I like Minute Maid 15 calorie lemonade, though I dilute it a bit because it’s a little too sweet for me. I also give a thumbs up to Canada Dry diet ginger ale. I haven’t had a sugary soft drink in years, but the last time I did, it tasted too syrupy.
I’m now trying to reduce artificially sweetened beverages from my diet. Infused water is great! Try slicing apple and peeled ginger into a pitcher of water and steep for several hours or overnight before removing fruit and ginger. Yum. Also excellent made with citrus fruit.
What about iced herbal teas? The varieties are endless - mint, ginger, lemon verbena, whatever combo you want. If you must have some sweetness, you can sweeten them with anything that works for you.
This is excellent advice. I’ve been making 1 gallon batches of sun tea that I then refrigerate, and it’s excellent. As far as I know there isn’t any kind of sugar or sweetener at all, but it still tastes sweet and fruity. The basic version of what I do uses Bigelow Orange & Spice tea. I use 12 bags in a gallon of water, 3-4 hrs. in the sun. Yummy.

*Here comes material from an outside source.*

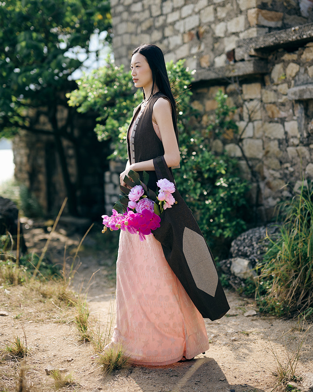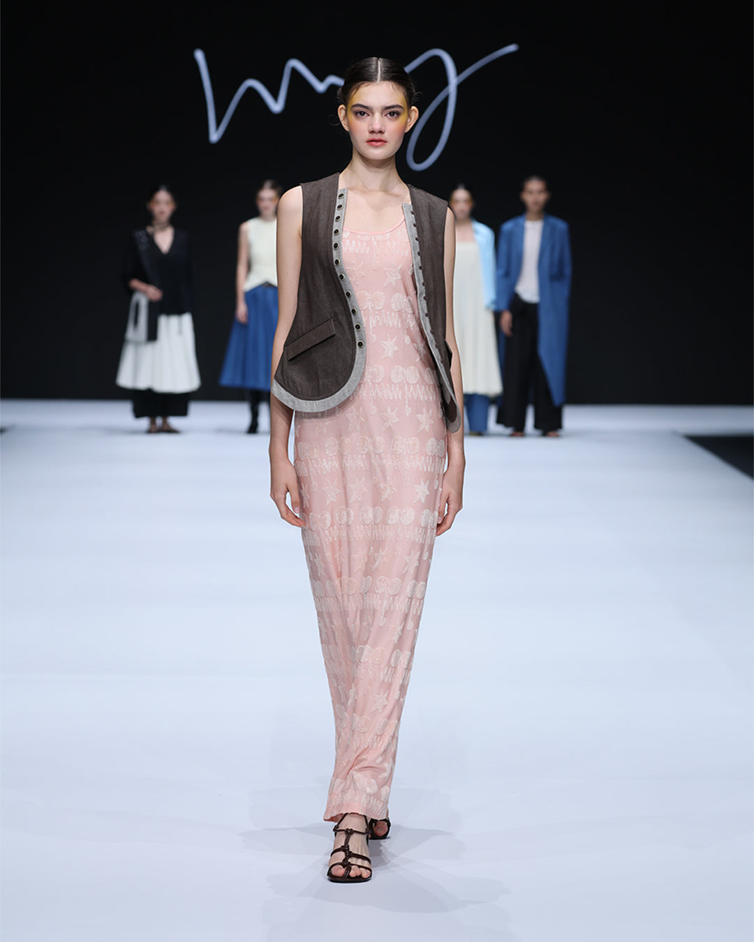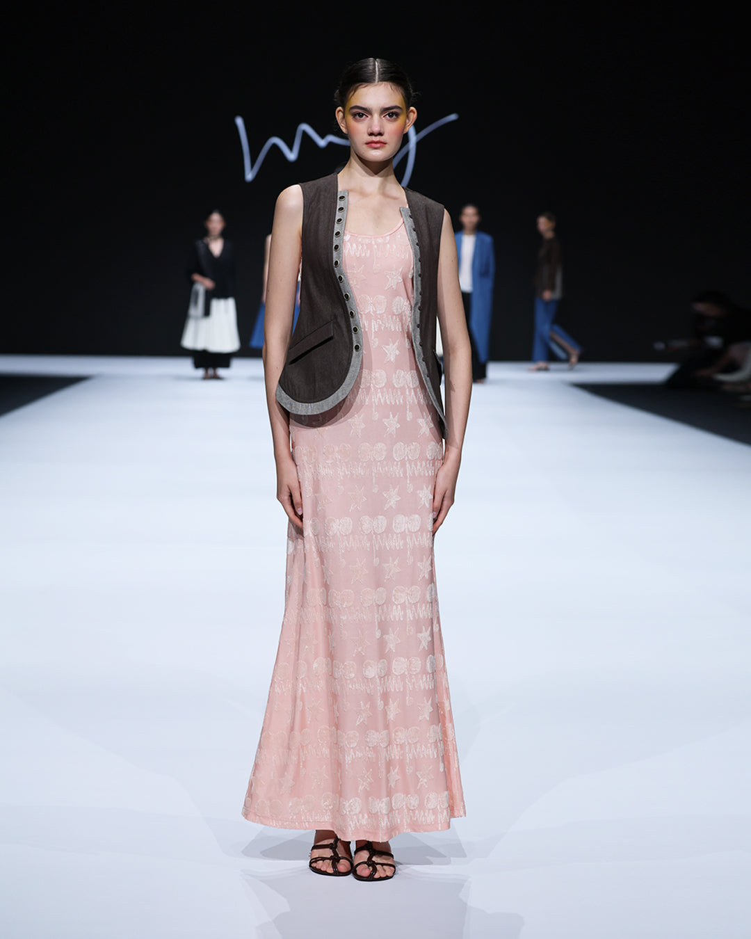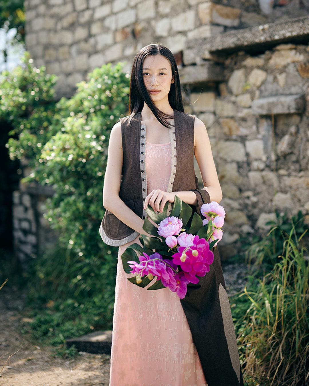 This terry cloth pink jersey maxi vest dress features a tribal-inspired pattern that is versatile and easy to mix and match. A must-have piece for any fashion-forward wardrobe.

A variation I do uses 12 total tea bags, but not all Orange & Spice, I’ll use 3 or 4 of these in there:
(These are awesome on their own brewed hot BTW) http://furpeaceranch.com/store/product_info.php?cPath=54&products_id=1596
100% juice is water and solids and fructose. Concentrate is less water and the same amount of fructose. Juice from concentrate is adding back water to equal what it started with. The amount of sugar never changes. Grape juice will always have more calories per ounce than Coke in the same way that coffee with two spoons of sugar will have more calories than coffee with one spoon of sugar. Grape juice is naturally more calorie dense than water and flavorings and the amount of sugar Coke uses.
To build on this – manufacturers will often reduce a fruit juice to a concentrate to make it less expensive to transport and warehouse (since taking out a bunch of the water reduces its weight, and the water can then be added back in later on).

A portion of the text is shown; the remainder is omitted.